例えば生肉であればそのまま食べることは出来ないので、加熱と速やかな冷却をしないと安全に食べることは出来ません。
また、CCPに設定すべき工程は、以降の工程で管理手段がなくなる製造工程です。
つまり生肉を加熱して、その後にオーブンでローストする工程があるとするならば、最後の加熱工程はオーブンでのロースト工程がそれに該当するので、ロースト工程がCCPになります。
また、CCPの設定では発生するリスクについても記載しておく必要があります。
具体的な例としては、生肉の加熱不足や、商品の滞留や冷却設備のキャパシティを超えた製造により緩慢冷却になり微生物が増殖するといったことです。
CCPとは言い換えれば食品の安全性を確保する上で特に重要な抑えるべきポイントです。
HACCPで大事なのはこのCCPを製造過程のどこに設定するかを正確に判断することですので、設定する際はよく検証しましょう。
次にCCPを管理するための基準を設けます。
ここでのポイントは科学的・客観的に基づいた具体的な数値が必要だということです。
つまり、危害を防止又は許容できる範囲まで低減する為の基準を明確にするということです。
CLを設定した際には、CLが製造工程において適切であるかについて確認することも重要で、これを妥当性と呼びます。
次にモニタリング方法の設定についてですが、これはCL測定の管理方法と頻度を設定するということです。
モニタリングにより、CCPが適切に管理されているかどうかが分かるので、モニタリング方法を決めることは重要です。
例えば釜でスープを作る際は、加熱と冷却がCCPとされることが多いのですが、品温を測定する際の測定基準や測定ポイント(温度計を差し込む場所)、測定の頻度(バッチ毎なのかなど)を明確化するということです。
次に是正処置の設定です。
モニタリング方法が固まり、製造を続けていると問題が発生することがあります。
修正処置の設定では、製造工程で逸脱が発生した時に正常な状態に戻すための処置と、その商品の取り扱い方法を設定しておく必要があるのです。
それらを決めておくことで製造時に問題が発生した時にも迅速に対応することが出来るようになります。
次に検証方法の設定です。
CCPとモニタリング方法を設定すればHACCPを運用できるかと言えばそうではありません。
実際に設定した内容が現場で正しく運用されていなくてはならならず、検証方法を設定する必要があるのです。

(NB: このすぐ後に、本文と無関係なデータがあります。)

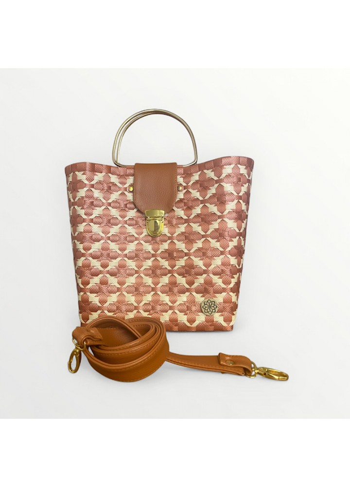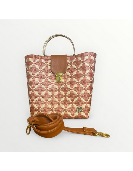 Con su diseño floral geométrico, asa metálica dorada y correa ajustable, el Bolso Cooper es el toque de elegancia y versatilidad que necesitas para cualquier ocasión.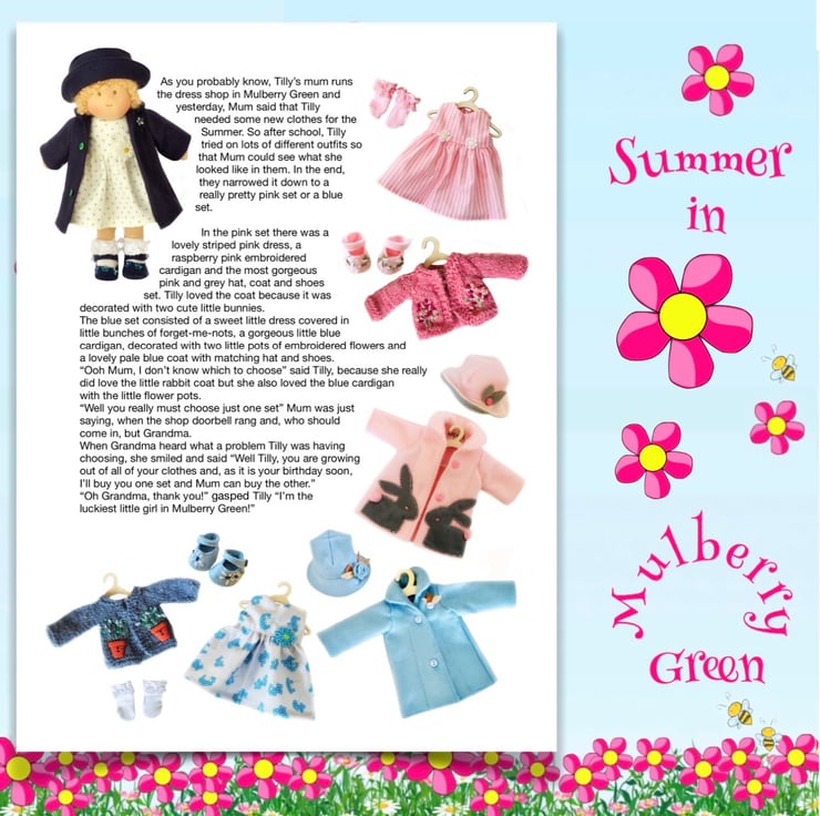 There are other children in Maisy’s class at school - Violet, Billy with his pet rabbit, Amber, Tilly, Rosie and her kittens, Amelia, Ruby, Marigold, Bobby with Max the dog, and the twins Oliver and Olivia, who have a puppy called Oscar. The dolls are all 26cm tall and baby Daisy is 16cm. Maisy and Mo love nothing more than having adventures with their friends. You can read about their adventures on my Facebook and Instagram pages - Maisy Muffin Rag Dolls and on my Mulberry Green Pinterest boards.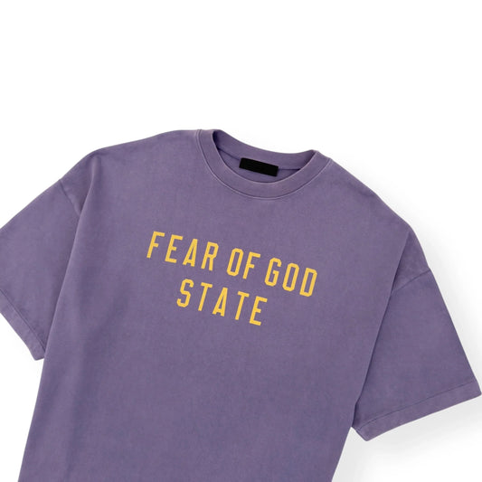 FEAR OF GOD ESSENTIALS OVERSIZED CREWNECK T-SHIRT PURPLE / YELLOW L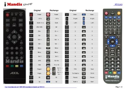 Accueil > Marques > Télécommandes Axil > Télécommande pour Axil RT 0140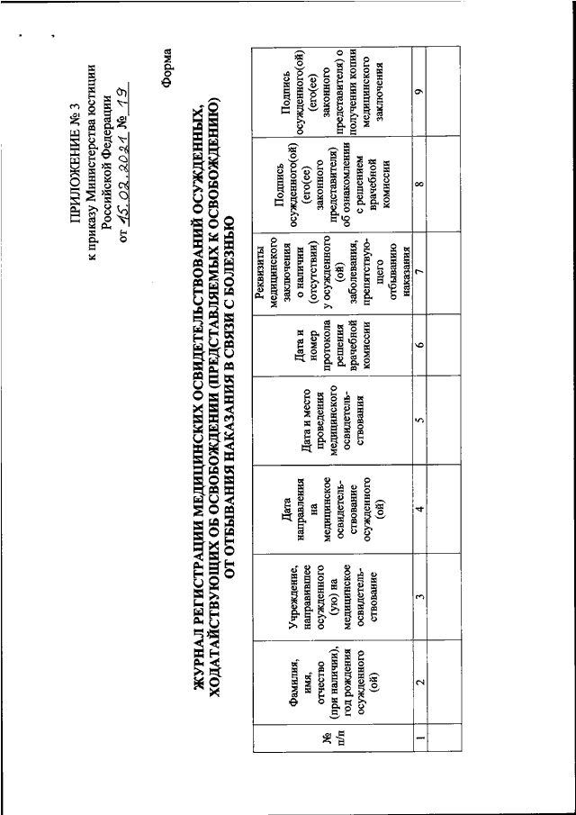 "ОБ УТВЕРЖДЕНИИ ФОРМ НАПРАВЛЕНИЯ НА МЕДИЦИНСКОЕ ОСВИДЕТЕЛЬСТВОВАНИЕ ОСУЖДЕННОГО, ХОДАТАЙСТВУЮЩЕГО ОБ ОСВОБОЖДЕНИИ (ПРЕДСТАВЛЯЕМОГО К ОСВОБОЖДЕНИЮ) ОТ ОТБЫВАНИЯ НАКАЗАНИЯ В СВЯЗИ С БОЛЕЗНЬЮ, ЗАКЛЮЧЕНИЯ ВРАЧЕБНОЙ КОМИССИИ МЕДИЦИНСКОЙ ОРГАНИЗАЦИИ УГОЛОВНО - ИСПОЛНИТЕЛЬНОЙ СИСТЕМЫ РОССИЙСКОЙ ФЕДЕРАЦИИ О НАЛИЧИИ ИЛИ ОТСУТСТВИИ У ОСУЖДЕННОГО ЗАБОЛЕВАНИЯ, ПРЕПЯТСТВУЮЩЕГО ОТБЫВАНИЮ НАКАЗАНИЯ, И ЖУРНАЛА РЕГИСТРАЦИИ МЕДИЦИНСКИХ ОСВИДЕТЕЛЬСТВОВАНИЙ ОСУЖДЕННЫХ, ХОДАТАЙСТВУЮЩИХ ОБ ОСВОБОЖДЕНИИ (ПРЕДСТАВЛЯЕМЫХ К ОСВОБОЖДЕНИЮ) ОТ ОТБЫВАНИЯ НАКАЗАНИЯ В СВЯЗИ С БОЛЕЗНЬЮ"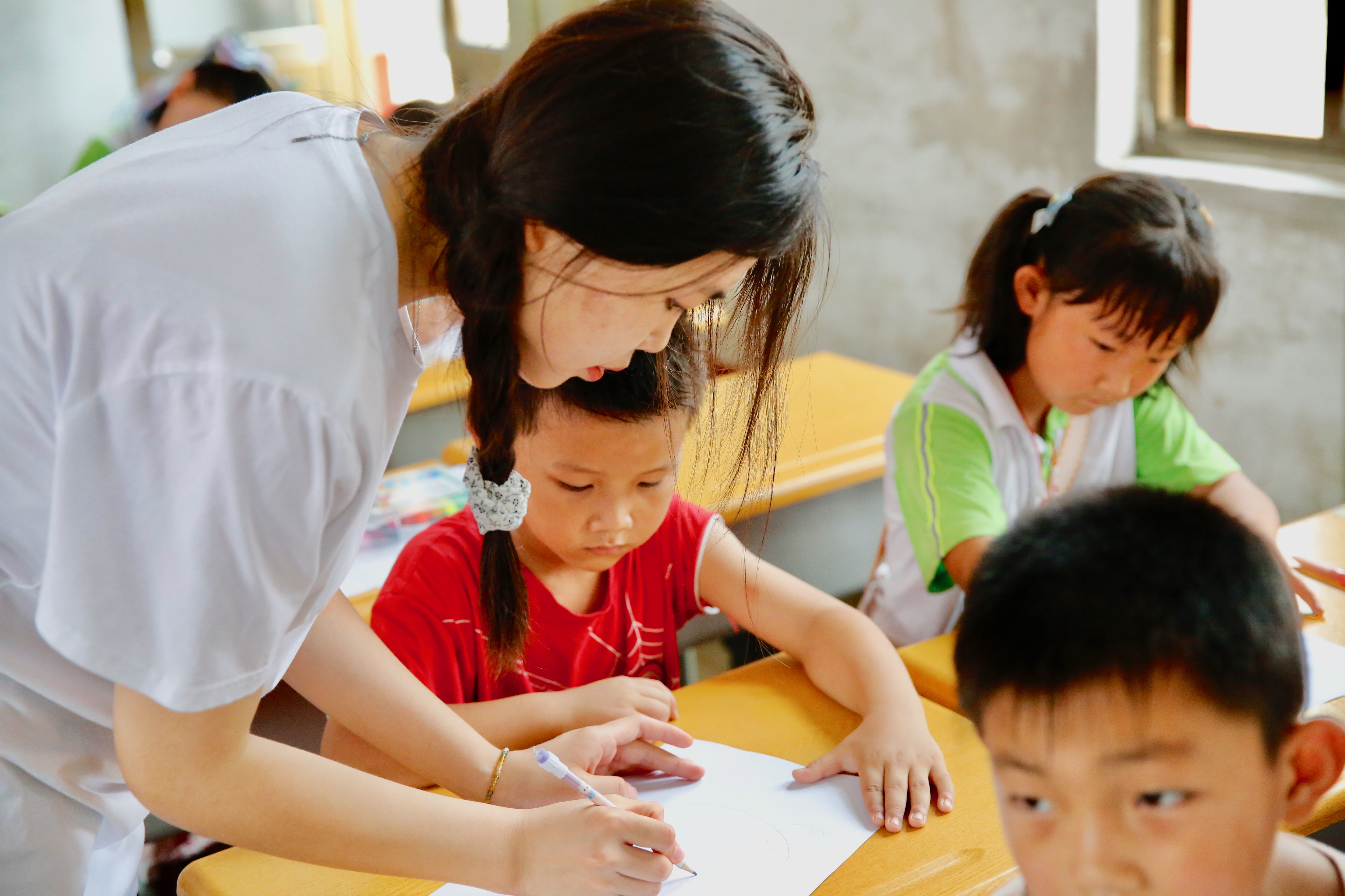 为了保障每个年级的所有小员工都参与到课程当中,实践团成员各展其长,克服人数少、课程多、时间紧等困难。同时,教学过程坚持以兴趣为导向,采用不同风格的授课方式,使小员工们无时无刻不“沉浸”在课堂教学中。课间休息时,“小老师”们和小员工们一起开展丢手绢等课外活动,既增加课程的趣味性,又增进团队成员与小员工们的感情。

これは、現場での製造でHACCPプラン通りに作業が運用されているかどうかを確認する方法を定めてくださいということです。
先にも解説した通り、HACCPによる品質管理は、事前に対策を立てて不良製品を作らないようにする考えの衛生管理手法であり、HACCP計画に基づいて正しく製造されていることが大前提なのです。

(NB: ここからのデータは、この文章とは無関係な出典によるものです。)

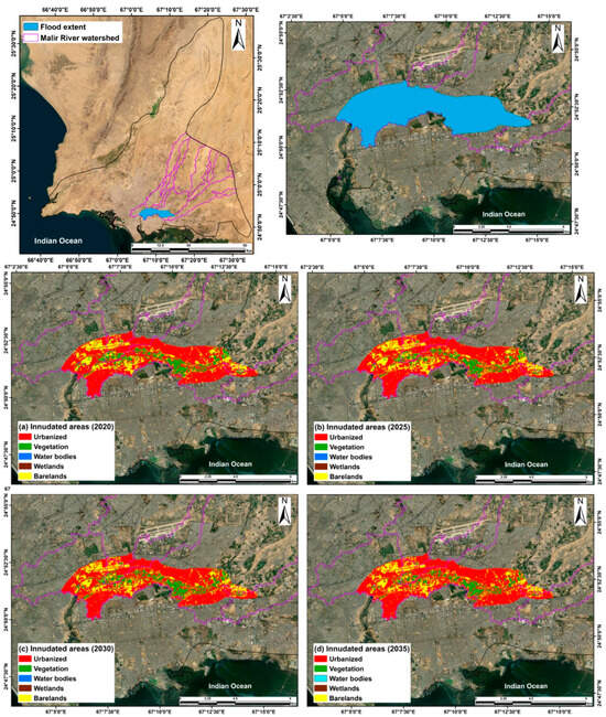 To assess the impact of land use dynamics on flood extent in Karachi, this study employed the HEC-RAS, a widely recognized open-source hydraulic model. The 2020 land use map, derived from the LULC classification process, served as the baseline for flood inundation analysis. A uniform Manning’s roughness coefficient of 0.04 was applied to the riverbanks for model simplification while maintaining urban terrain characteristics. The model was calibrated using the 2020 monsoon rain event and corresponding flood extent, accurately representing the study area’s hydraulic behavior under known conditions. Meteorological data, crucial for precise flood modelling, were obtained from the PMD Karachi, specifically utilizing a 3-hourly dataset from the Karachi Airport station. These data were then modified to reflect the extreme precipitation event of 27 August 2020, which saw an unprecedented 270 mm of rainfall within a 3 h period, resulting in an exceptionally high average rainfall intensity of approximately 90 mm/hr. An alternative scenario was also simulated to account for the uncertainty in the recurrence of such high-intensity rainfall events, distributing the same 270 mm of precipitation over a 12 h period, yielding a more moderate intensity of 22.50 mm/hr. This dual-scenario approach allows for a comprehensive flood risk assessment under extreme and more frequent rainfall patterns. Utilizing the calibrated HEC-RAS model in conjunction with the LULC predictions for 2025 and 2035, flood extent simulations were conducted for these future years under both rainfall scenarios. This methodology accounts for current conditions and anticipates future changes, providing valuable insights for long-term urban planning and flood mitigation strategies in Karachi’s rapidly evolving urban environment.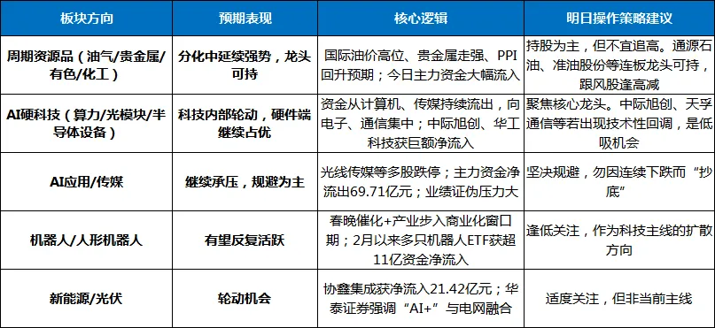 综合今日资金流向与机构观点,顺周期涨价与AI行情扩散是当前市场的两大核心主线。明日操作中应坚持: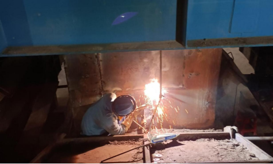 在假期的生产现场,此起彼伏的烧焊声吱吱作响,伴着闪烁的弧光,黄红色的焊花如喷泉般涌现飞溅。蓝色的工装伴着阵阵焊接机械轰鸣,构成了一曲献给祖国母亲的最美奋斗乐章。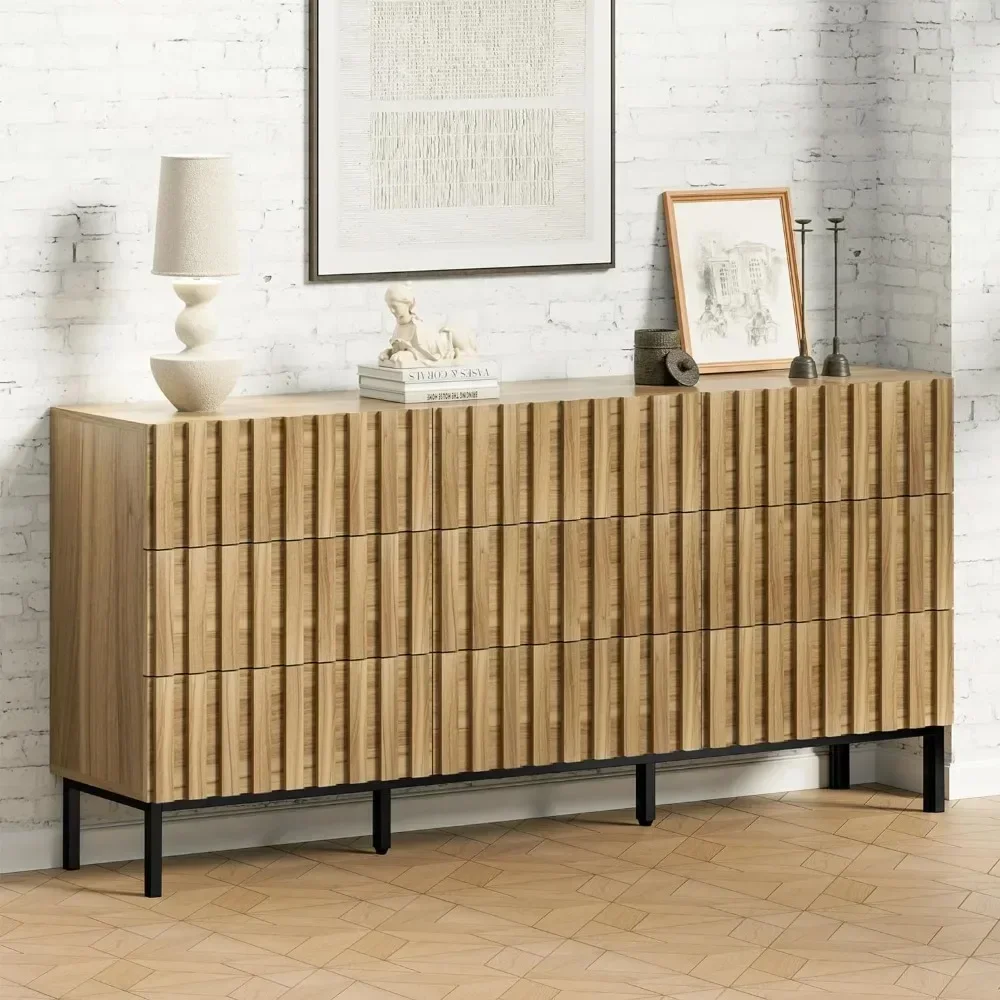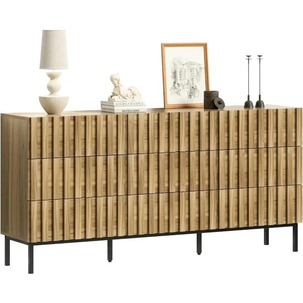 Mid Century Modern Dresser:With 9 large storate drawers,parallel fluted panels for free handles,black metal accent legs enhance stability and durability

現場での運用状態を確認することで、そもそも現場で運用不可能なHACCPプランを運用してしまっていることが判明することがあります。
その場合、現場で確実に運用できるHACCPプランを構築すればいいのです。
このように決定したHACCPプランの運用状況を現場で確認することは重要ですのでしっかりと検証してみてください。
次に記録の維持管理です。
HACCPプランで決められたモニタリング方法や修正処置の記録は、HACCPシステムが適切に運用されていることの証明になります。
つまり、問題が発生した時に適切な処置がとられたことの証明にもなるのです。
また、トラブルにより回収が発生した時にも、トレースがこの記録により可能になります。
文書や記録は、ただ保管しておけばいいというわけではなく、保管責任者、保管期間、保管場所まで明確にしておく必要があります。
HACCPを工場で運用するには、7原則が全て満たされている必要があります。
是非これらの原則をよく理解して取り組んでみてください。